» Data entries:

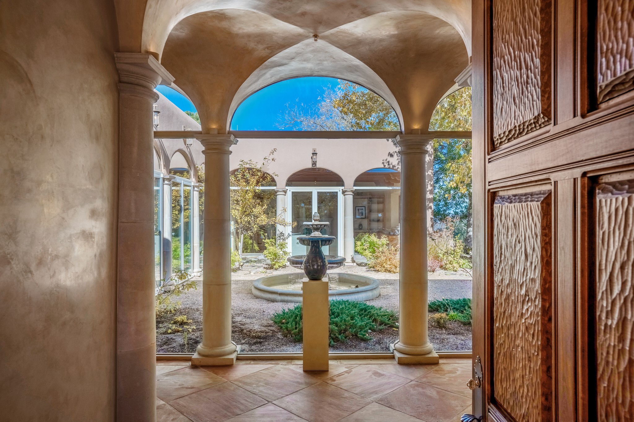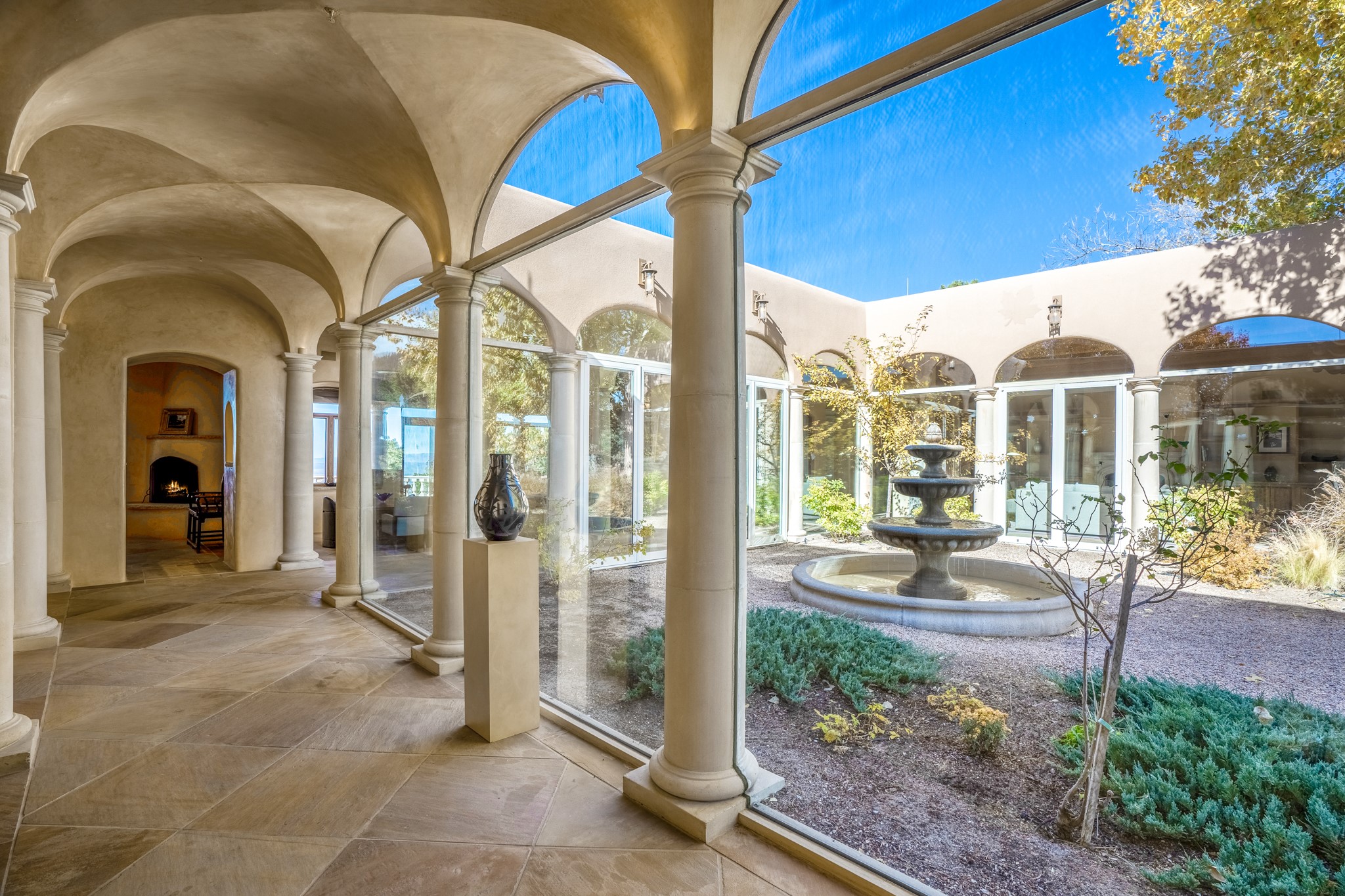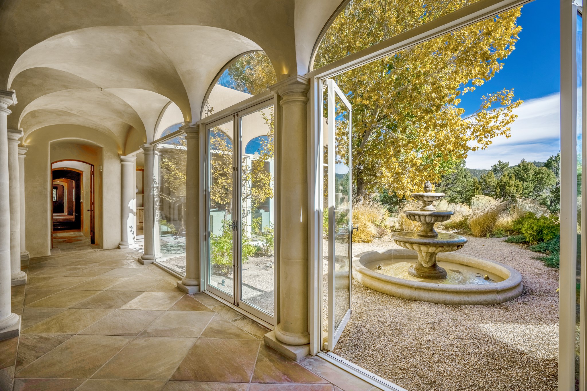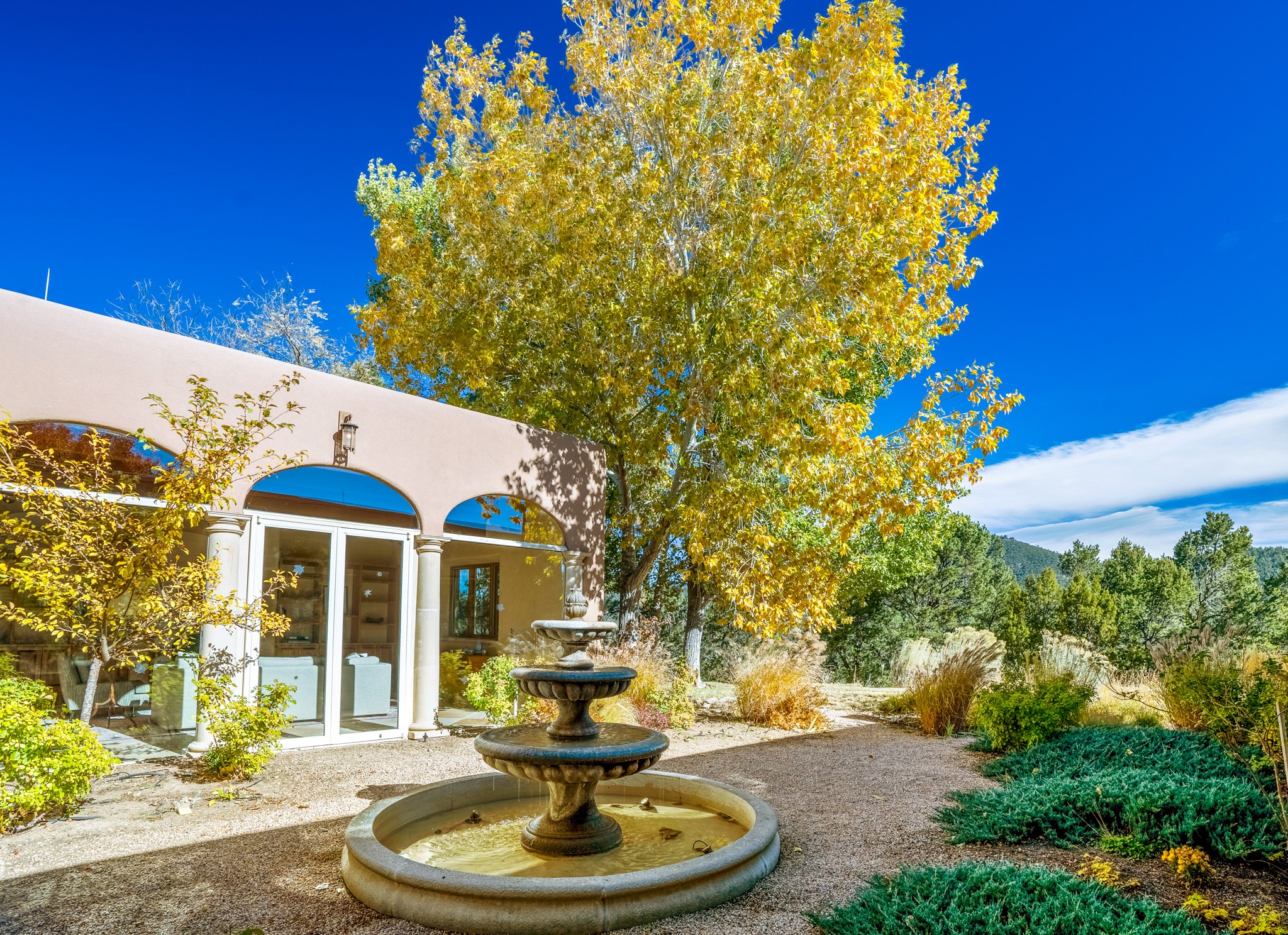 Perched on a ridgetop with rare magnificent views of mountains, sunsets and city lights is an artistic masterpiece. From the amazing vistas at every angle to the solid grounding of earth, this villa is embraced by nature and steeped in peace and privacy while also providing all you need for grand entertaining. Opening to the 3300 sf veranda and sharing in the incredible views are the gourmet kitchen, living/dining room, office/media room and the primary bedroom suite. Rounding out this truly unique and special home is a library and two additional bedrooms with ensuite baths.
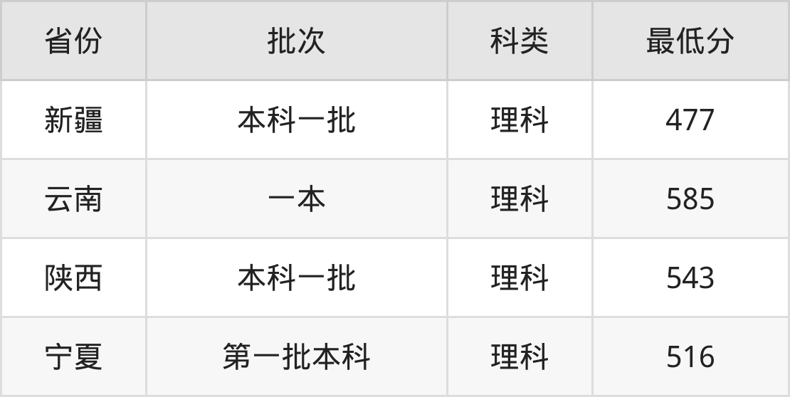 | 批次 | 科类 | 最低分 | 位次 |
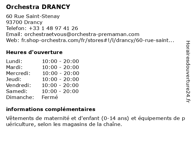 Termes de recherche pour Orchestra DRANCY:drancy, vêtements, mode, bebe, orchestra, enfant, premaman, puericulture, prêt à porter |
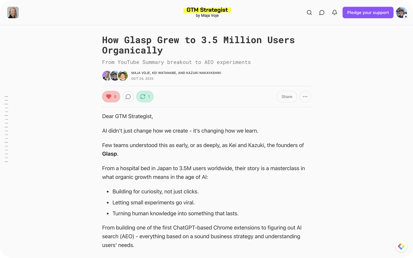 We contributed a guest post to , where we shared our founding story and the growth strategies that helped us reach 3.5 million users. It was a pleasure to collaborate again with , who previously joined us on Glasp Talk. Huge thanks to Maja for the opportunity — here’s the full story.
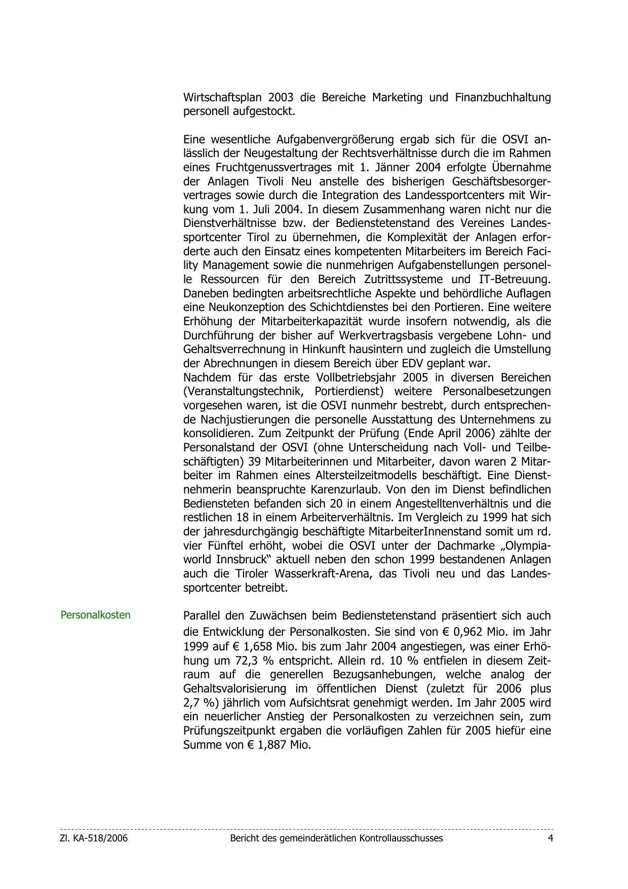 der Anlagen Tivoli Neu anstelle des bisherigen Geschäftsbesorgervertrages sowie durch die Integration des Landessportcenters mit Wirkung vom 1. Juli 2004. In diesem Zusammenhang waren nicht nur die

» What needs to be done:
Your answer must be the exact lines of the records from the first one through the line containing "Termes de recherche", with no pictures in it.

» Completed exercise:
 Perched on a ridgetop with rare magnificent views of mountains, sunsets and city lights is an artistic masterpiece. From the amazing vistas at every angle to the solid grounding of earth, this villa is embraced by nature and steeped in peace and privacy while also providing all you need for grand entertaining. Opening to the 3300 sf veranda and sharing in the incredible views are the gourmet kitchen, living/dining room, office/media room and the primary bedroom suite. Rounding out this truly unique and special home is a library and two additional bedrooms with ensuite baths.
 | 批次 | 科类 | 最低分 | 位次 |
 Termes de recherche pour Orchestra DRANCY:drancy, vêtements, mode, bebe, orchestra, enfant, premaman, puericulture, prêt à porter |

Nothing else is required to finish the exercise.